DRONE ON: Will UAV Pilots Fly At Their Own Risk Under New FAA Rules?

UAV

You don’t hear the silent rotors of the 4-armed drone flying above your backyard as you sunbath au natural. The $4k camera, however, records in vivid detail everything you’re doing and streams 1080p video to a videographer in a car more than a mile away. Next thing you know, you are an unwilling YouTube sensation.

You’re driving your car south on Biscayne Boulevard, talking to your office on your Bluetooth microphone when, after a bit of static, the cellphone connection drops. Within a few seconds, cellphone-controlled drones, one out delivering a new 55-inch flat screen television from an online retailer, begin to crash into each other and then fall onto moving cars. Chaos ensues. If you curse the periodic dropped call, just wait until you start seeing dropped drones.

It can also be worse, the Federal Aviation Administration [FAA] reported that, on March 22, 2014, a drone nearly collided with a U.S. Airways flight traveling from Charlotte, North Carolina en route to Tallahassee, Florida.

With the FAA estimating that, once enabling rules are established, “roughly 7,500 commercial sUAS [small Unmanned Aircraft Systems] would be viable at the end of five years.”

On February 15, 2015, the FAA released a summary of the major provisions of its proposed UAS rules (known as Part 107). While a few of the proposed rules are more liberal than anticipated, most follow the historical view of the agency in treating UAS more like private planes than the concept that they represent for the future. Before outlining the proposals, a short history of the FAA’s previous attempts to regulate drones.

The Pirker case was the first challenge to the FAA’s attempt to regulate small unmanned aerial vehicles [UAVs] under existing policies (Administrator v.
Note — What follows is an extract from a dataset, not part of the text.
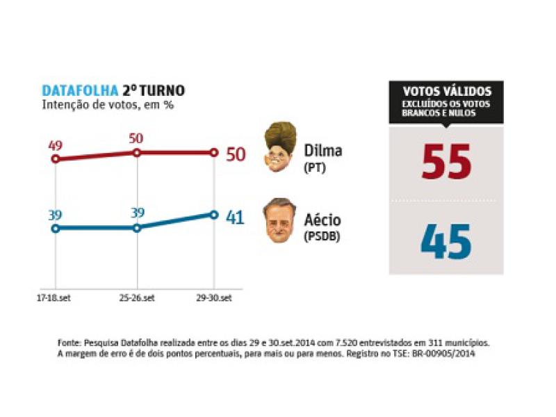 O Datafolha ouviu 7.520 eleitores em 311 municípios do país. A pesquisa, encomendada pela TV Globo e pelo jornal "Folha de S.Paulo", foi realizada entre os dias 29 e 30 de setembro e está registrada no TSE sob o número 00905/2014. O nível de confiança é de 95%. Isso significa que, se forem realizados 100 levantamentos, em 95 deles os resultados estariam dentro da margem de erro de dois pontos prevista. (Fonte: Thiago Reis/G1)

Pirker, FAA Case No. 2012EA210009, NTSB Docket No. CP-217). Raphael Pirker used a small, remote-controlled model power glider to take aerial photos for advertising purposes at the University of Virginia campus. The FAA alleged that the glider was endangering people on the ground and property on the campus. The FAA cited Pirker for violating a ban on commercial UAS usage, and for operating an unmanned aerial vehicle [UAV] “in a careless and reckless manner,” pursuant to 14 C.F.R. §91.13, putting it under the FAA’s authority to enforce flight safety. Further, the FAA argued that it had authority to regulate the UAV because any device intended for flight is an “aircraft,” including this small UAV. Pirker did not have a pilot’s license and was assessed a civil penalty of $10,000 for violation of a 2007 FAA Policy Statement.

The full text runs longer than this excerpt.